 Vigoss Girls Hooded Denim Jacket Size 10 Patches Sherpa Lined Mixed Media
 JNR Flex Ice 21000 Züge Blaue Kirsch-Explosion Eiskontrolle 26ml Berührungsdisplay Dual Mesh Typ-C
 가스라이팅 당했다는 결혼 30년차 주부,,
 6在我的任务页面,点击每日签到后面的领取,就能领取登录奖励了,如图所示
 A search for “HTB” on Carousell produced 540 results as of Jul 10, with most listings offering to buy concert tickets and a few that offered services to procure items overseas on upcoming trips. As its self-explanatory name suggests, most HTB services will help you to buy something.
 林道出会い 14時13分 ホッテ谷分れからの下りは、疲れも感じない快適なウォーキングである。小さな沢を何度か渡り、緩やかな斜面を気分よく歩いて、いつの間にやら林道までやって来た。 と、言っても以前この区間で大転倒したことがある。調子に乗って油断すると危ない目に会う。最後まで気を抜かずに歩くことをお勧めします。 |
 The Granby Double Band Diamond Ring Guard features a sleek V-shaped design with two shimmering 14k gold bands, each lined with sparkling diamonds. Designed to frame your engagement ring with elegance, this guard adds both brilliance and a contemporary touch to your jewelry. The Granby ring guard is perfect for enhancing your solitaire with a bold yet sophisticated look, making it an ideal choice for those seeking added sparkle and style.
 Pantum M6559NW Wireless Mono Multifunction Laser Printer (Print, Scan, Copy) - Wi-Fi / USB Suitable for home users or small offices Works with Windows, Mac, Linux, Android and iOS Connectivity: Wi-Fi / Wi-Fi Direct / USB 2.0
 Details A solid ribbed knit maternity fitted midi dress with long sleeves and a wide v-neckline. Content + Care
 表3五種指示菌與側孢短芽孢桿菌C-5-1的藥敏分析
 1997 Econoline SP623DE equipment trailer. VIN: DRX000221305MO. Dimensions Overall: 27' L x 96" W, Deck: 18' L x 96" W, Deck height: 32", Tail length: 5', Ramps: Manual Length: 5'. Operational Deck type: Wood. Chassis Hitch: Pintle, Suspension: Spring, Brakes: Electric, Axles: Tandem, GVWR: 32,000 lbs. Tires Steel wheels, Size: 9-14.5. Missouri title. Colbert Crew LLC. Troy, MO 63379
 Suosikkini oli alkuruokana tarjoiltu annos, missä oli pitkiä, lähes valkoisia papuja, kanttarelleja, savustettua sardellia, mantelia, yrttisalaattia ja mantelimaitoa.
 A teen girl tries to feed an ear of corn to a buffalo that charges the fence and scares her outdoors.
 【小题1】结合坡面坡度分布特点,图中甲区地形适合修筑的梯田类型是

+++

## Work required
When the line with "Details A solid" is reached in the data above, begin copying, and stop after the line with "表3五種指示菌與側孢短芽孢桿菌C-5-1的藥敏分析"; copy each line exactly, both ends included.

## Output for this exercise
 Details A solid ribbed knit maternity fitted midi dress with long sleeves and a wide v-neckline. Content + Care
 表3五種指示菌與側孢短芽孢桿菌C-5-1的藥敏分析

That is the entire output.